We do agree, however, with NIPSCO that even though rate designs involve "informed judgment" and “pragmatic adjustments," Commission orders still must be supported by substantial evidence. The Commission cannot adopt a rate design not supported by substantial evidence merely because the parties have failed to present it with a design it finds acceptable.
. Both Natural’s and Peoples’ expert witnesses stated that Natural’s customers have a right to their peak demands if Natural is not in curtailment and that absent curtailment entitlements have no effect upon Natural’s responsibility to provide service.

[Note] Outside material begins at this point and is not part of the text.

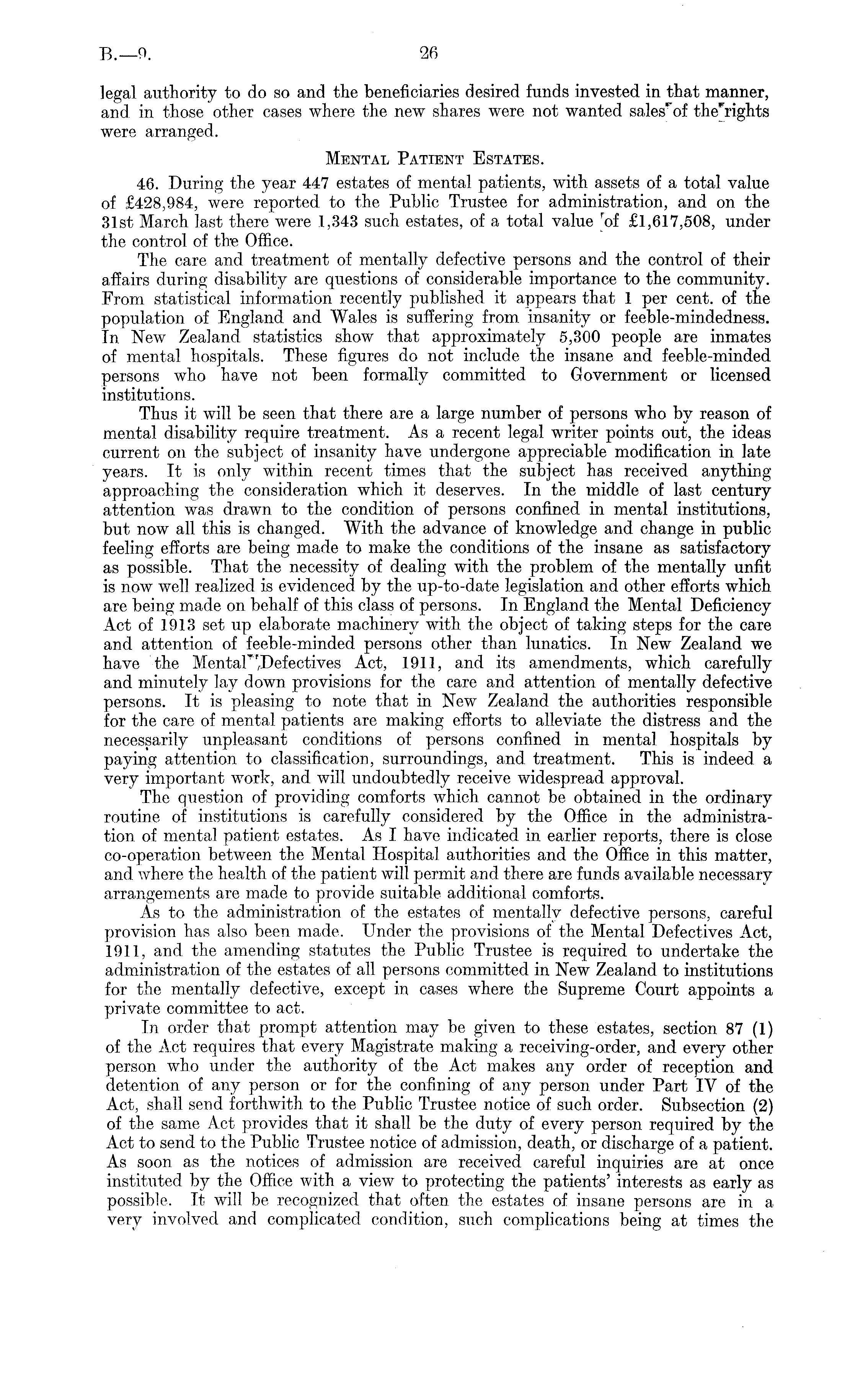 legal authority to do so and the beneficiaries desired funds invested in that manner, and in those other cases where the new shares were not wanted sales""of the'rights were arranged. Mental Patient Estates. 46. During the year 447 estates of mental patients, with assets of a total value of £428,984, were reported to the Public Trustee for administration, and on the 31st March last there were 1,343 such estates, of a total value r of £1,617,508, under the control of tire Office. The care and treatment of mentally defective persons and the control of their affairs during disability are questions of considerable importance to the community. From statistical information recently published it appears that 1 per cent, of the population of England and Wales is suffering from insanity or feeble-mindedness. In New Zealand statistics show that approximately 5,300 people are inmates of mental hospitals. These figures do not include the insane and feeble-minded persons who have not been formally committed to Government or licensed institutions. Thus it will be seen that there are a large number of persons who by reason of mental disability require treatment. As a recent legal writer points out, the ideas current on the subject of insanity have undergone appreciable modification in late years. It is only within recent times that the subject has received anything approaching the consideration which it deserves. In the middle of last century attention was drawn to the condition of persons confined in mental institutions, but now all this is changed. With the advance of knowledge and change in public feeling efforts are being made to make the conditions of the insane as satisfactory as possible. That the necessity of dealing with the problem of the mentally unfit is now well realized is evidenced by the up-to-date legislation and other efforts which are being made on behalf of this class of persons. In England the Mental Deficiency Act of 1913 set up elaborate machinery with the object of taking steps for the care and attention of feeble-minded persons other than lunatics. In New Zealand we have the Mental^,Defectives Act, 1911, and its amendments, which carefully and minutely lay down provisions for the care and attention of mentally defective persons. It is pleasing to note that in New Zealand the authorities responsible for the care of mental patients are making efforts to alleviate the distress and the necessarily unpleasant conditions of persons confined in mental hospitals by paying attention to classification, surroundings, and treatment. This is indeed a very important work, and will undoubtedly receive widespread approval. The question of providing comforts which cannot be obtained in the ordinary routine of institutions is carefully considered by the Office in the administration of mental patient estates. As I have indicated in earlier reports, there is close co-operation between the Mental Hospital authorities and the Office in this matter, and where the health of the patient will permit and there are funds available necessary arrangements are made to provide suitable additional comforts. As to the administration of the estates of mentally defective persons, careful provision has also been made. Under the provisions of the Mental Defectives Act, 1911, and the amending statutes the Public Trustee is required to undertake the administration of the estates of all persons committed in New Zealand to institutions for the mentally defective, except in cases where the Supreme Court appoints a private committee to act. In order that prompt attention may be given to these estates, section 87 (1) of the Act requires that every Magistrate making a receiving-order, and every other person who under the authority of the Act makes any order of reception and detention of any person or for the confining of any person under Part IV of the Act, shall send forthwith to the Public Trustee notice of such order. Subsection (2) of the same Act provides that it shall be the duty of every person required by the Act to send to the Public Trustee notice of admission, death, or discharge of a patient. As soon as the notices of admission are received careful inquiries are at once instituted by the Office with a view to protecting the patients' interests as early as possible. It will be recognized that often the estates of insane persons are in a very involved and complicated condition, such complications being at times the

. Indeed, NIPSCO appears to concede that, in reality, Natural’s customers do not have a right to demand their full daily contract quantities every day of the year. Natural's system simply is not designed to serve all of its customers’ peak demands on every day of the year, although it is capable of providing such service during the winter months.
. We reject Iowa Gas’ other argument that the Commission acted improperly in accepting Natural’s late tariff filing. The Commission has the authority to waive filing deadlines where circumstances warrant it, and the Commission gave a reasoned explanation for waiving that deadline, i.e., that obsolete entitlements would be in effect and Natural would not be in compliance with the November 4, 1983 order. Thus the Commission did not act unlawfully in granting the waiver. See Port Angeles Telecable, Inc. v. FCC, 416 F.2d 243, 246 (9th Cir.1969).
. Although the rate design does not necessarily result in unjust, unreasonable, or discriminatory rates, the sole curbs on abuse and improper rates is Natural’s unilateral right to refuse to sell AOR gas. Thus Natural must enforce the rate design method by refusing to sell AOR gas to certain customers suspected of "cheating.”